Computer Games Help People with Parkinson’s Disease
Computer games are often thought of as idle leisure activities, yet the UCSF School of Nursing in partnership with Red Hill Studios has developed a computer game that improves symptoms of Parkinson’s including shakiness, slowness of movement, and limb and trunk rigidity.
More than half the subjects in the three-month research project showed small improvements in walking speed, balance and stride length.
Unlike off-the-shelf computer games, these specialized games encourage scientifically tested specific physical movements to help people with functional impairments and diseases. The Red Hill team then designed physical games, similar to Wii and Kinect games, in which subjects win points by moving their bodies in certain ways. Each game has multiple difficulty levels so that the clinical team could customize the therapeutic games for each subject's particular abilities.

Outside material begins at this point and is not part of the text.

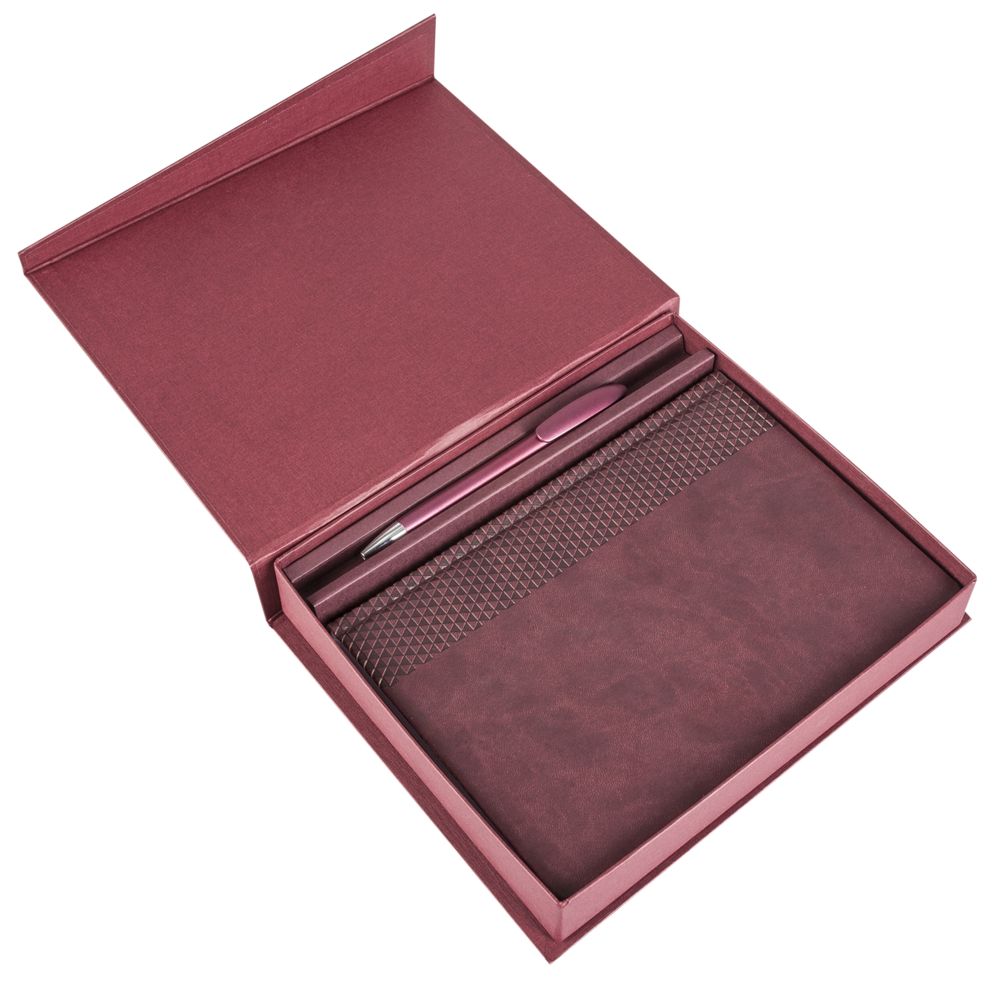 Коробка Duo под ежедневник и ручку, бордовая можно заказать в нашей компании по самой доступной цене от 600 рублей.

"Each subject found his or her own gaming 'sweet spot' - the spot where the physical challenge was not too hard, not too easy, just right,'' said Bob Hone, creative director of Red Hill Studios and the lead Principal Investigator of the study. "And when subjects mastered one game level, they often moved on to harder levels for more beneficial effect. The subjects improved their games scores while improving their gait and balance.''
Red Hill developed a custom sensor suit with nine tracking sensors to analyze subjects' movements with higher resolution and accuracy than is possible with consumer gaming platforms. The PC-based system sent encrypted data to a secure database allowing the research teams to track the subjects' performance daily. "From the data tracking we could see that there were some subjects who were playing the games more than the specified three times a week,'' said Hone. "Because this was a highly structured research study, we actually had to ask them to play less than they wanted!''
The trial involved 20 participants with moderate levels of Parkinson's disease in northern California with 65% of game players demonstrating longer stride length; 55% increased gait velocity, and 55% reporting improved balance confidence after playing the games for 12 weeks.